A number of theories have been put forward to explain it. It stands next to a set of salt pans (now a football field) and some say it is the spoil from the construction of these (although why it was shaped into a mound with a spiral path – occasioning a great deal of extra work – is anybody’s guess). Others claim it is a Norman motte. Lewes is unique in having a castle with two mottes, but they stand on the highest point of the town. The Mount is by the old seashore and has no supply of fresh water. Others claim it was a Calvary, citing the fact that it stands on the edge of the grounds of what was a huge Cluniac monastery. Christians plant a cross on its peak at Easter.

The limited archaeological investigation that has taken place suggests it to be far older than any of the above theories would suggest. It stands on an old seashore and would have been reflected in the largely still waters of a lagoon. From its summit, a number of significant astronomical alignments can be made with artificial structures on the surrounding downs. It has an uncanny (and possibly deliberate) resemblance to Silbury Hill. The road that runs beside it follows the same course as a pre-historic Trackway. All this adds to the distinct possibility that the Harvest Hill is Neolithic in origin – a chalk downland version of the stone circles to be found in the west where rocks are more easily obtained. It is a sacred place, a place of power, a place of birth.

A large chunk was cut out of one side in order to create a municipal bowling green so it is no longer possible to climb completely by the original spiral path. However, one can still reach the summit and enjoy magnificent views of the South Downs and the Ouse Valley – the Lewes by-pass notwithstanding.

Quite apart from its antiquity – or perhaps because of that - it has exerted a magical influence on my life. I moved to Sussex when I was 12 years of age and went to one of the secondary schools at the other end of Mountfield Road. Twice a day (sometimes more often) I would pass the Harvest Hill. It became a familiar site in what was a fecund and largely happy time of my life.
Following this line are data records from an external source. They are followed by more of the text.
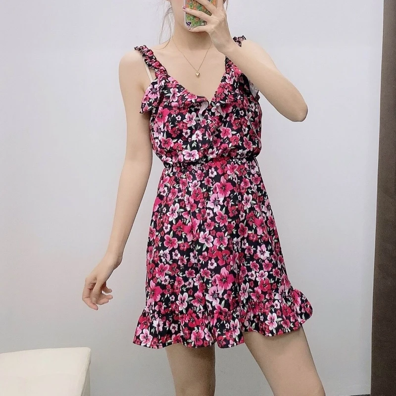 Летнее платье 2020 Новая мода выше колена без рукавов женское Цветочное платье
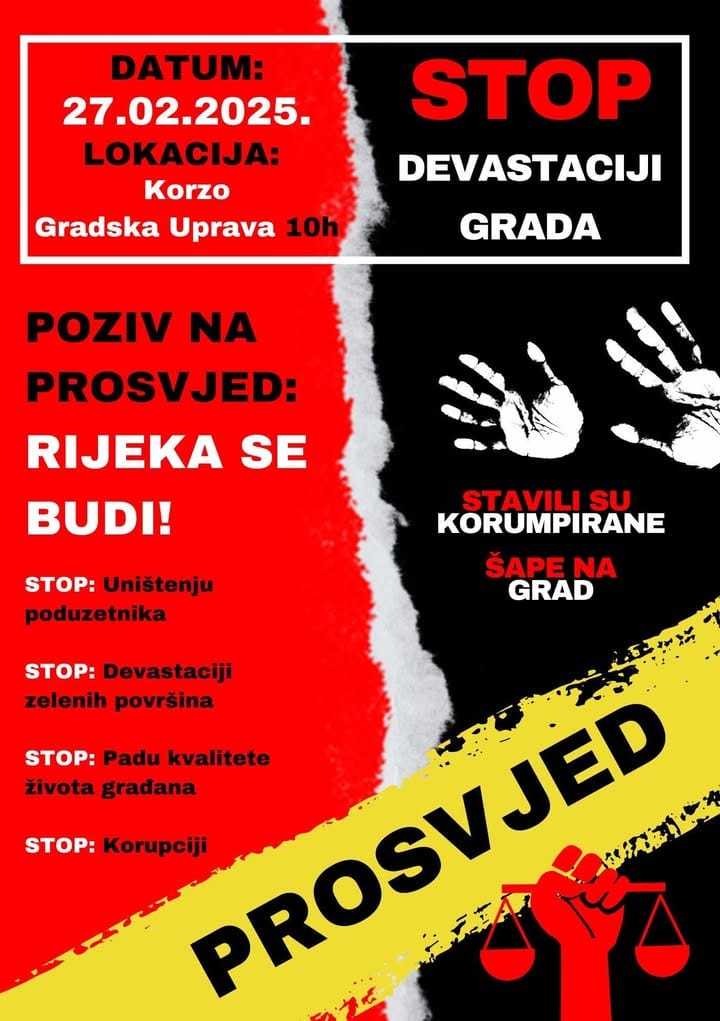 U našu redakciju stigao je poziv na prosvjed pod nazivom "Rijeka se budi!". Prosvjed bi se trebao održati 27. veljače u 10 sati, ispred ulaza u Gradsku upravu, na adresi Korzo 16.
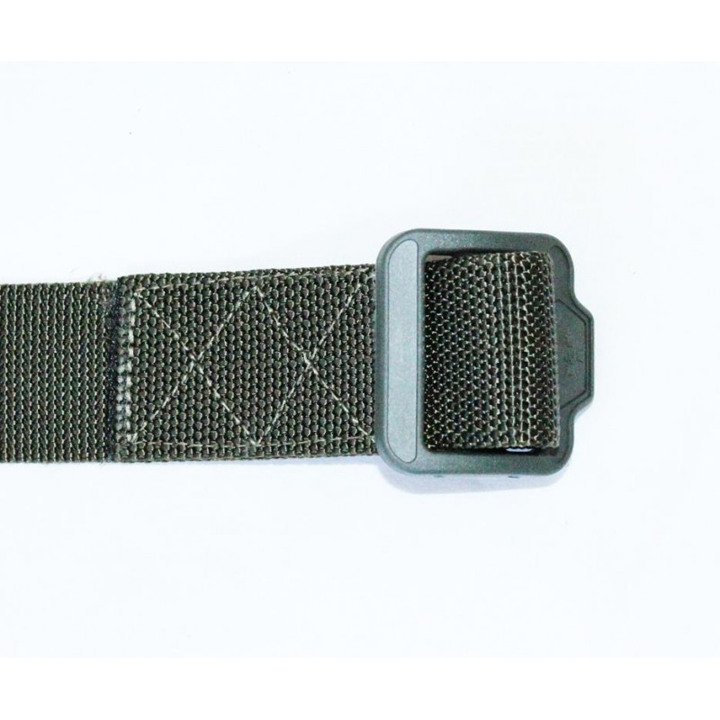 Olive plastic buckle. On the expanded part is the emblem of the Armed Forces of Ukraine. The belt of the trouser belt is made of high strength nylon. At the base of the buckle, this belt has reinforced firmware. The end of the belt tape is tapered for easier threading into the buckle.
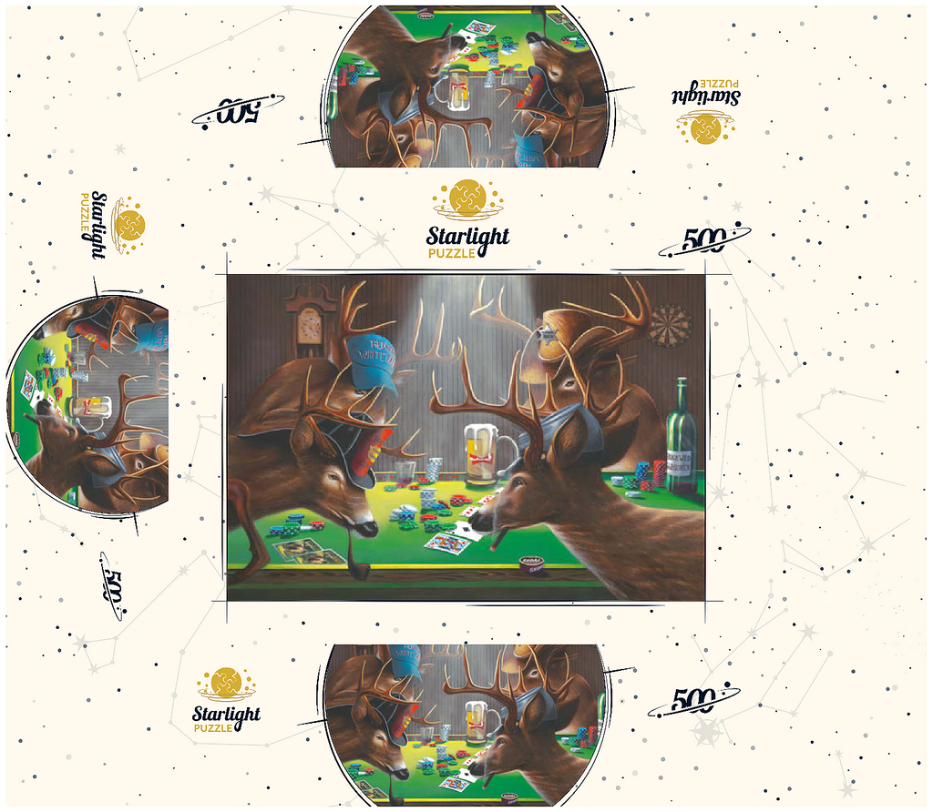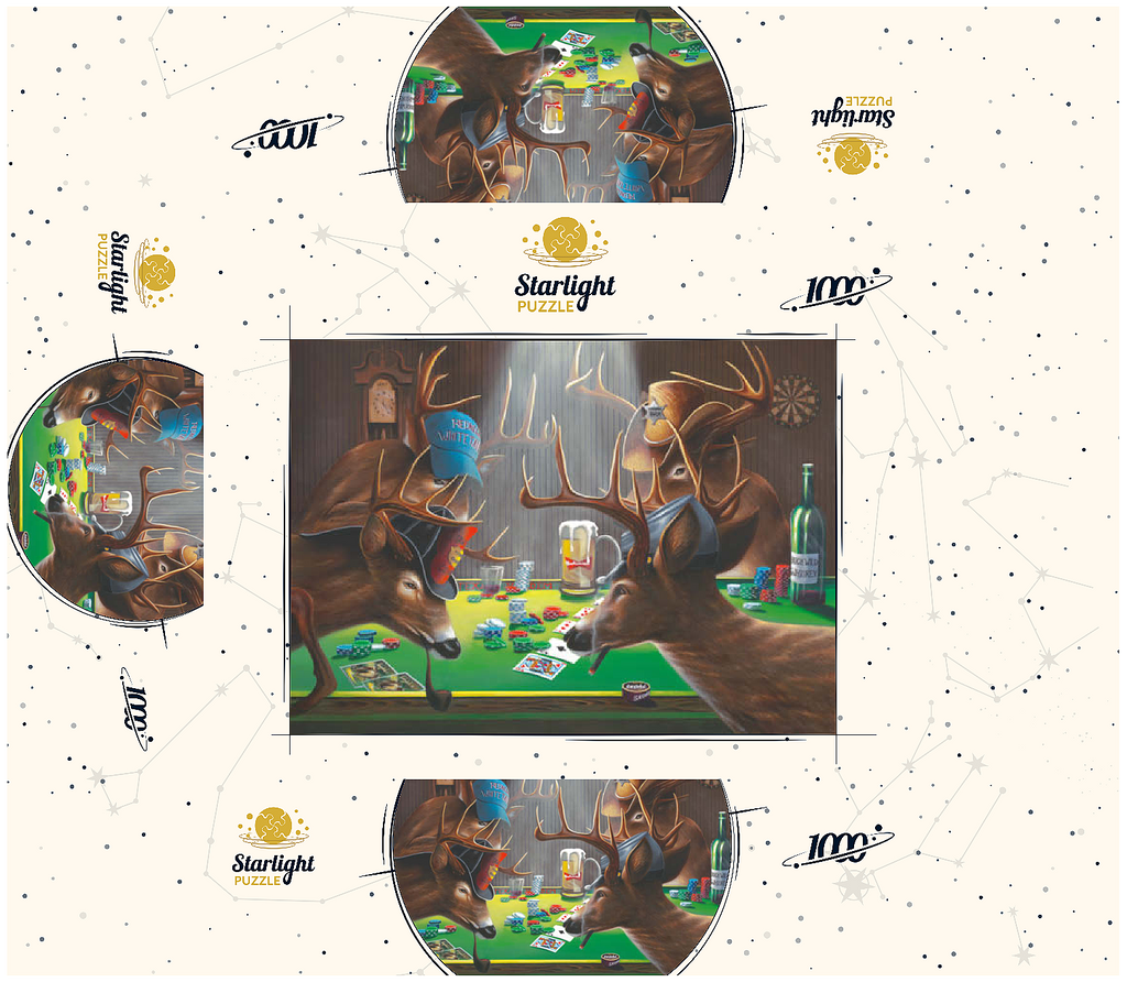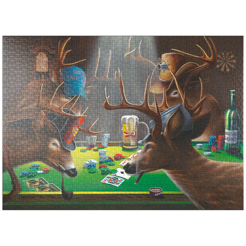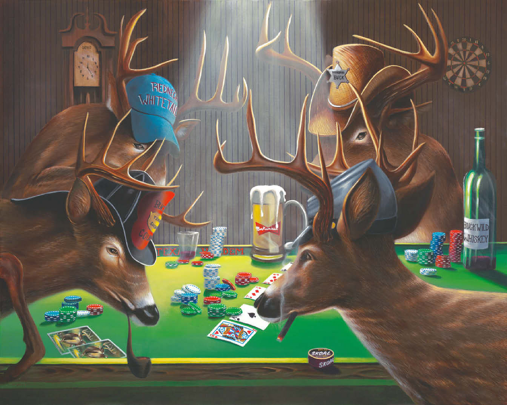 show all tags anthropomorphic-animals/ artist-geno-peoples/ artnr-genpeo147685/ barroom-scene/ deer/ funny-deer/ grateful-licensing/ humorous-wildlife/ orientation-landscape/ pieces-1000us/ pieces-100us/ pieces-500us/ poker/ poker-playing-animals/ rustic-interior/ skill-3/ texas-holdem/ whitetail-bucks/
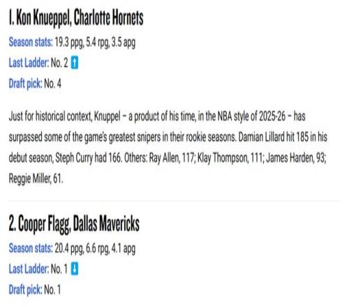 也正是憑借這樣的表現(xiàn),克努佩爾在NBA官網(wǎng)公布的最新一期新秀榜單中,成功超越“美國之子”弗拉格升至第一。 作為大學時期的隊友與室友,兩人本賽季均展現(xiàn)出歷史級別天賦,領(lǐng)跑最佳新秀爭奪戰(zhàn),未來兩人之間的競爭也將成為NBA新一代球星中最大的看點之一。
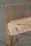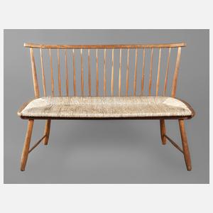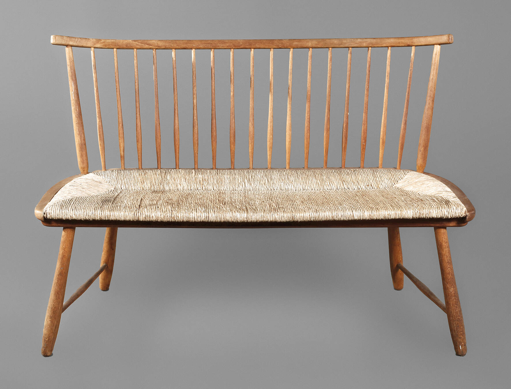 Entwurf 1953 für WK Sozialwerk, Gestell aus Buche massiv, Sitzfläche mit originalem Binsengeflecht, Oberfläche mit Alters- und Gebrauchsspuren, Maße 85 x 121 x 55 cm.

The Hill itself was a favourite haunt – far enough from school to get away from the less edifying aspects of state education (of which there were mercifully few for me) and close enough to reach without wasting too much time. And, when I began my first tentative steps along the Druid Way, it featured strongly in my life.

On that Hill, I would enjoy the long summer days everyone seems to have had in their youth; watch the summer stars and listen to the distant sounds of the worlds; talk with friends and share hopes and ideas; write poetry; read; listen to music; and dream. Within its shadow, I fell in love. It was also the hub of a wider circle in which much of my social life was lived and in which I developed my love of words – both spoken and written. It was also at the heart of that place where spirit flowered and I began to think seriously about the path I was following.

Wherever I go now, the Harvest Hill is always with me, part of my sacred inner landscape – a place where the latent spirit within me was given form and shown a way to travel that would honour the spirit of the Land and the Goddess in whose honour the Hill was first raised.